Soprattutto i casi senza precedenti


I risultati sono abbastanza netti: la consuetudine all'uso dei pesticidi può aumentare le possibilità di sviluppo della malattia fino al 61% in più. Inoltre, l'esposizione esplica il suo effetto indipendentemente dal fatto che i partecipanti riportassero di impiegare o meno indumenti protettivi. Non c'erano differenze tra i due sessi, anche se le donne colpite da Parkinson erano in netta minoranza. Inoltre, ed è importante, l'effetto era dose dipendente: cioè si riscontravano più casi nel gruppo che aveva avuto la maggiore esposizione.

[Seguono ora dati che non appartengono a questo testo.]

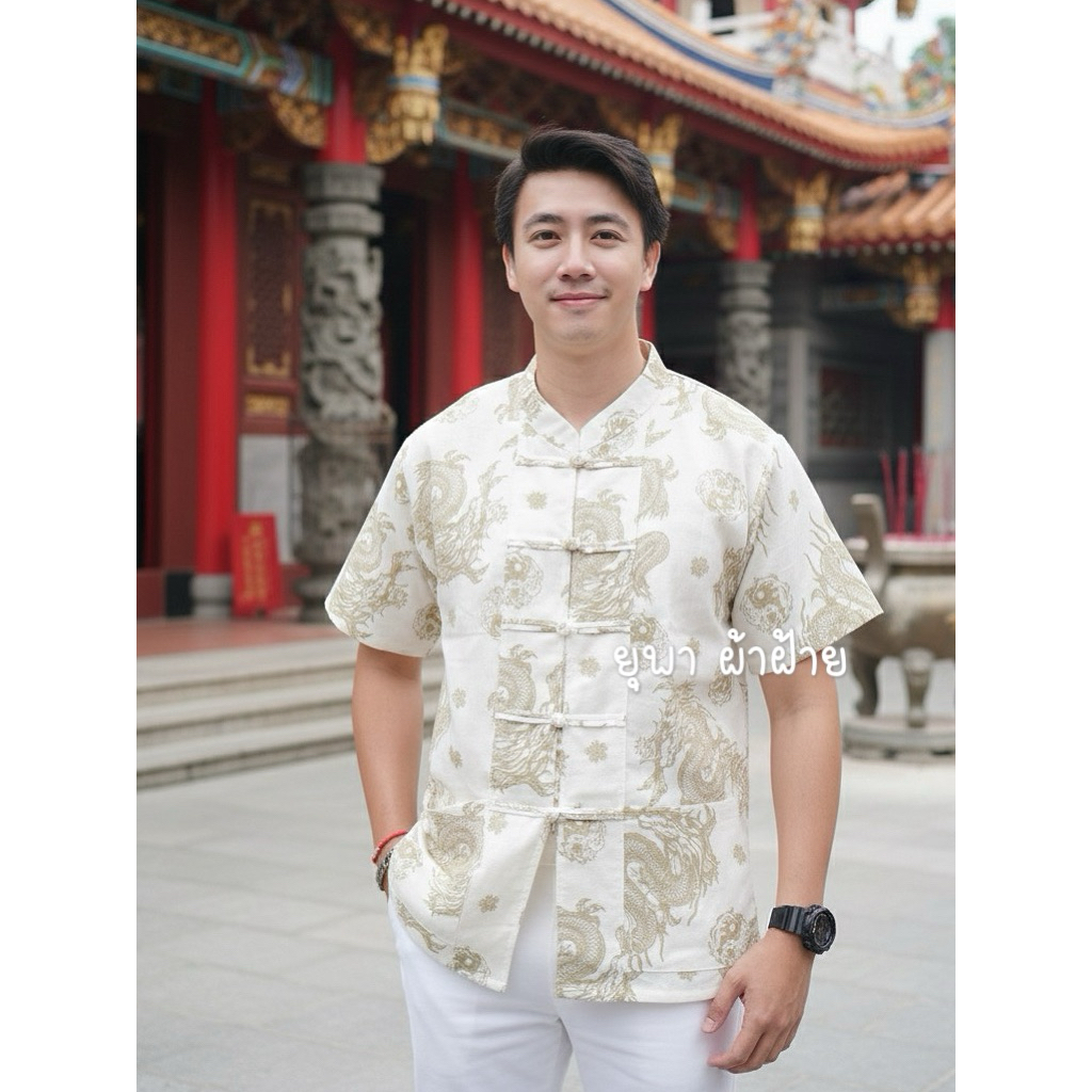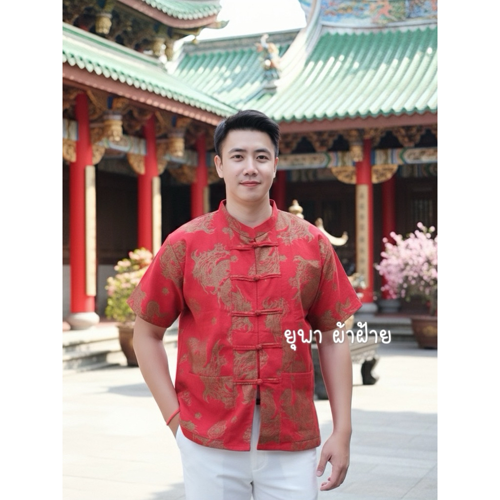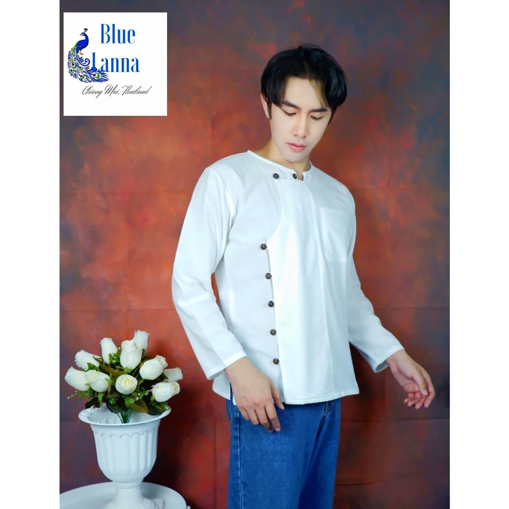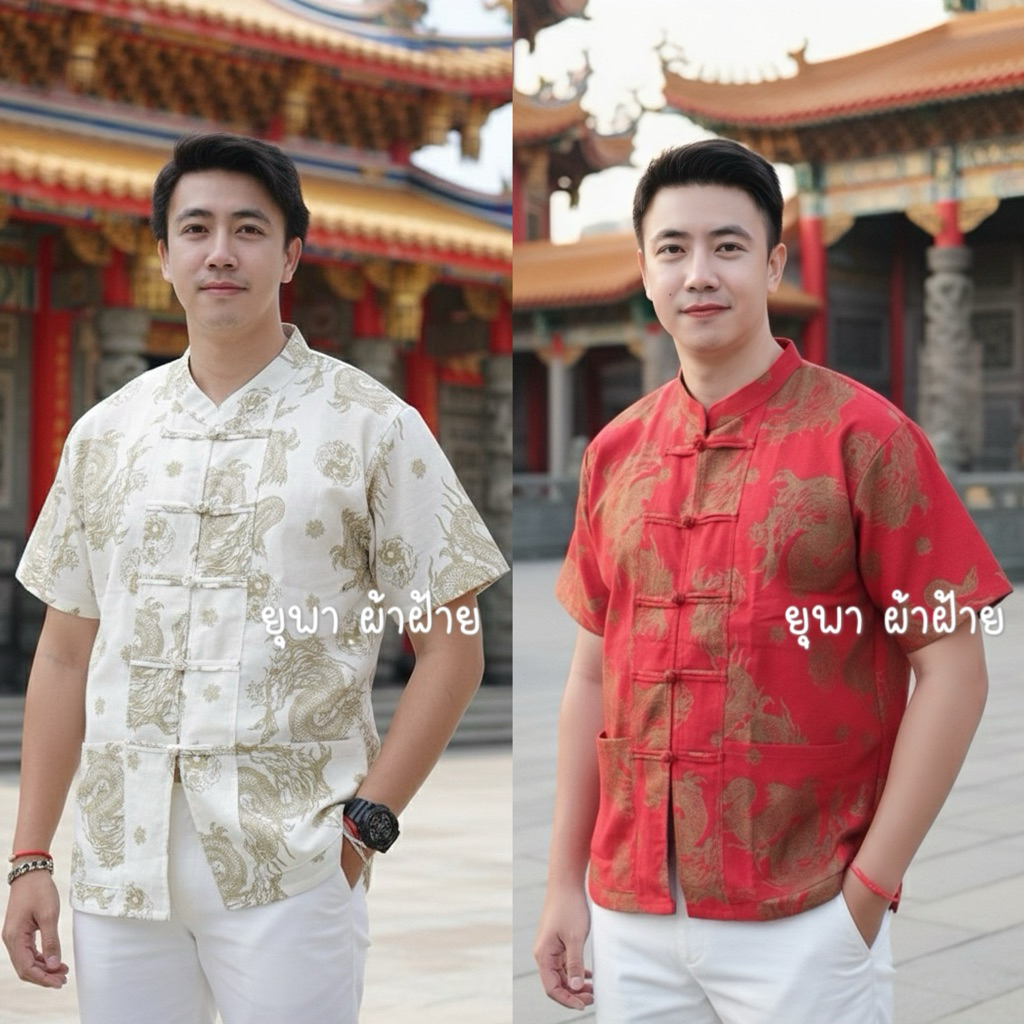 ✴เสื้อซาฟารี ผ้าไทย เสื้อผ้าไทยผู้ชาย แขนยาว คอพระราชทาน ((อัดผ้ากาว มีฟองน้ำเสริมไหล่))

Peccato che il questionario impiegato non permettesse di distinguere tra l'uso lavorativo e quello per così dire domestico. Un altro aspetto importante è che l'esposizione ai pesticidi esercita il suo effetto soprattutto quando non vi è famigliarità e, quindi, in teoria, quando non vi è una probabile causa genetica. Certo questo non esclude che vi possa essere un'interazione tra i due fattori, ma il gruppo dei pazienti con casi tra i consanguinei non era sufficientemente ampio da permettere conclusioni al riguardo. Non hanno invece mostrato un effetto significativo il fatto di vivere in una fattoria o di aver bevuto acqua di pozzo. Infine, sulla base dei prodotti menzionati dal campione si è potuto concludere che le sostanze più spesso implicate sono gli insetticidi, in particolare gli organofosfati, come il DDT, e organocloruri. Se l'epidemiologia non sembra avere dubbi, sono carenti le spiegazioni biologiche dell'eventuale nesso tra pesticidi e Parkinson. Per ora vi sono soltanto ipotesi: la prima è che queste sostanze sono simili ad altre usate sperimentalmente per indurre la malattia nella cavia, che agiscono inibendo alcune funzioni mitocondriali, e il mitocondrio è la struttura deputata alla respirazione della cellula. C'è in alternativa la possibilità che i pesticidi abbiano un'azione pro infiammatoria, sia diretta sia attraverso l'azione su mediatori dell'infiammazione. Lo studio ha i limiti caratteristici di tutte le indagini retrospettive, legate al ricordo di chi risponde, però, visto che non è il solo a mostrare queste conclusioni potrebbe essere venuto il momento di controllare prospetticamente quantomeno chi lavora con i pesticidi.